With multiple academic drug discovery centers in the US and around the world developing compounds for AD and other CNS indications, there is an opportunity to pull together a library of optimized compounds from a wide variety of programs. Here, we propose a simple program whereby screening and early stage drug discovery groups with a significant interest in neurodegenerative, psychiatric and other CNS disorders, deposit into a central repository compounds that have shown significant CNS‐relevant activity. These compounds would not simply be the hits from primary screens but rather would be fraction of compounds that have gone on to show activity in secondary assays, have benefited from medicinal chemistry optimization, or are otherwise characterized and promising as potential leads. This relatively small but highly selective library of active and relevant compounds will then be made available to academic drug discovery centers with the intention that they each include the shared library in their ongoing screening. This will increase the exposure of the shared library compounds to a wide range of assays, possibly identifying novel activities for the compounds. The proposed program includes several steps to simplify the exchange of compounds without the need for lengthy agreements or licensing arrangements. This initiative is intended as a low cost and administratively simple way to maximize drug discovery efforts within the neuroscience community. Whereas the program is initially envisioned as an academic collaboration, if successful it can be scaled to include biotech and other interested parties

1. Background and Significance

An increasing number of academic screening centers are devising a variety of high and medium throughput primary assays aimed at screening compound libraries with the intention of identifying structures that may warrant further development. Regardless of the particular target or screening approach adopted by any of the centers, we all would like to enrich our compound libraries with drug‐like compounds relevant to our targets, thus increasing the likelihood of valuable hits.

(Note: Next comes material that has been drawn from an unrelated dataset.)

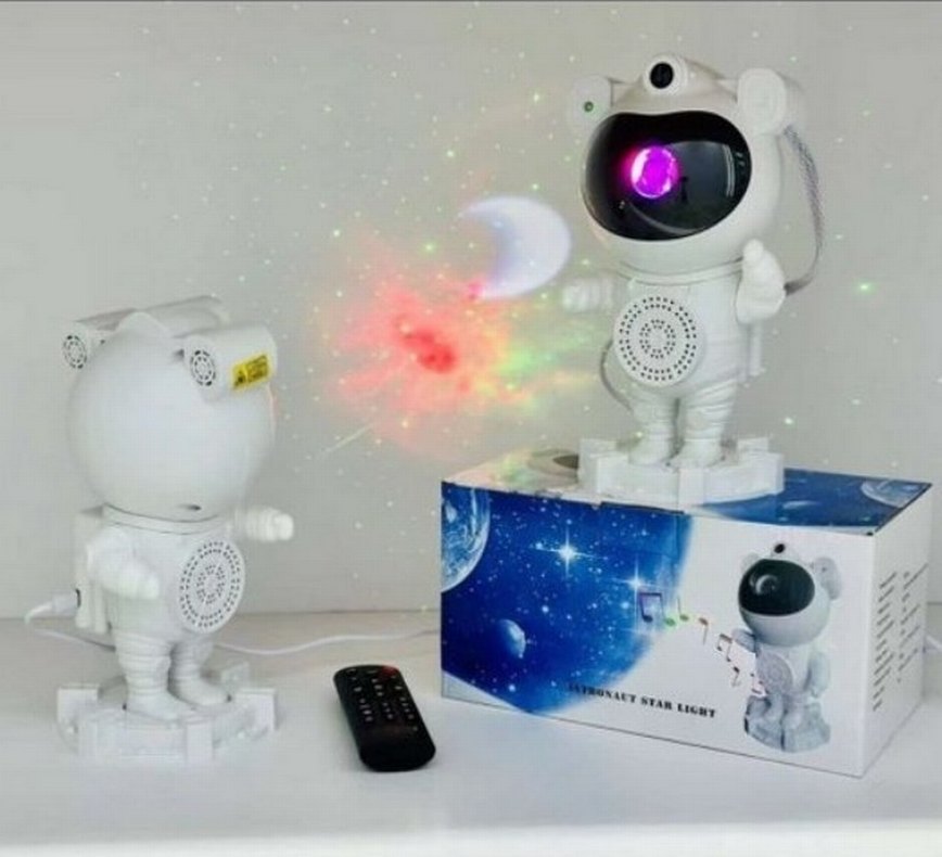 Beyaz astronot şeklinde projeksiyon lambası, uzay ve ay desenleri yansıtır, uzaktan kumandayla kontrol edilir.

Here, we propose a simple program whereby screening centers with a significant interest in neurological, psychiatric and other CNS disorders exchange compounds that have shown some CNS‐relevant activity. By pooling these very selective and relatively small compound collections, we hope to both enrich each other’s libraries and to increase the exposure of our most interesting compounds to a wide variety of CNS‐relevant screens.

Ideally, this proposed shared library, the Collaborative CNS Screening Initiative (CCSI) library, should be highly enriched for optimized compounds and small enough to be readily added to ongoing screens at very little additional cost or effort. As such, only compounds that have distinguished themselves beyond primary screens should be included. These may include compounds that have emerged from secondary validation assays or medicinal chemistry programs, have particularly attractive drug‐like structures, or are otherwise noteworthy. The program is designed with a very low barrier for participation, avoiding protracted inter‐institutional agreements and other administrative hurdles.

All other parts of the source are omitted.